The Nuclear Spectroscopic Telescope Array (NuSTAR) spacecraft launched spaceward at the tip of an Orbital Sciences Corp. Pegasus XL rocket, which itself was carried into launch position by a high-altitude L-1011 Stargazer jet aircraft. At 12 p.m. Eastern Time, the plane dropped the rocket where the booster fired its engines for its climb into the sky.
“Today was a great day for NuSTAR, a great day for Pegasus, a great day for the entire launch team,” Tim Dunn, NASA’s assistant launch director, said after the liftoff. “We thank Orbital Sciences for the ride, and we’re ready to get into the science portion of the mission.”

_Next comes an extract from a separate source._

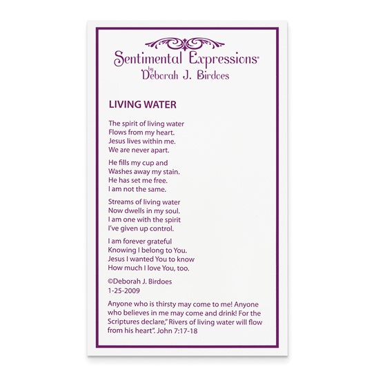 History: Living Water The spirit of living water Flows from my heart. Jesus lives within me. We are never apart. He fills my cup and Washes away my stain. He has set me free. I am not the same. Streams of living water Now dwells in my soul. I am one with the spirit I've given up control. I am forever grateful Knowing I belong to You. Jesus I wanted You to know How much I love You, too. Deborah J. Birdoes 1-25-2009

The liftoff occurred just south of the Kwajalein Atoll in the Pacific Ocean. Originally scheduled for 11:30 a.m. Eastern Time, the launch was delayed 30 minutes to allow technicians to resolve a minor technical issue.
The $165 million NuSTAR observatory is beginning a two-year mission to probe high-energy regions of the universe, including black holes and the remnants of stars that died in supernova explosions. It will use a telescope sensitive to regions of the X-ray spectrum of light that are higher in energy than observed before.
“With NuSTAR, we’ll be able to image the sky, read the story and understand things like how galaxies form, and how black holes grow,” NuSTAR Principal Investigator Fiona Harrison of the California Institute of Technology said during a June 11 press briefing. “It will pinpoint these massive black holes and locate them within galaxies.”
In the next several days, NuSTAR will extend a 10-meter mast that will separate the spacecraft’s optics from a focal point where a camera is placed, making the whole instrument roughly the length of a school bus. The telescope uses two optical units made of 133 nested layers of glass each, which will collect X-ray light and deflect it to the focal point at the mast’s other end.
One of the telescope’s first targets will be a well-known black hole close to home.
“One of the first things we’ll look at is Cygnus X-1, a black hole in our own galaxy, which acts as a perfect point source for us to check how crisp our images are,” said William Craig, NuSTAR instrument manager at the University of California at Berkeley.
NuSTAR also will study the center of the Milky Way galaxy, where a supermassive black hole containing the mass of 4 million suns is thought to reside. A number of fuzzy light sources at the galaxy’s center suggest the presence of this black hole, but details are scant.
NuSTAR will “give us both the energy and location of all these sources, allowing us to really probe in the high energy [spectra] into the physics of the objects that are at the galactic center,” Craig said. “It opens up a new window into the high-energy universe.”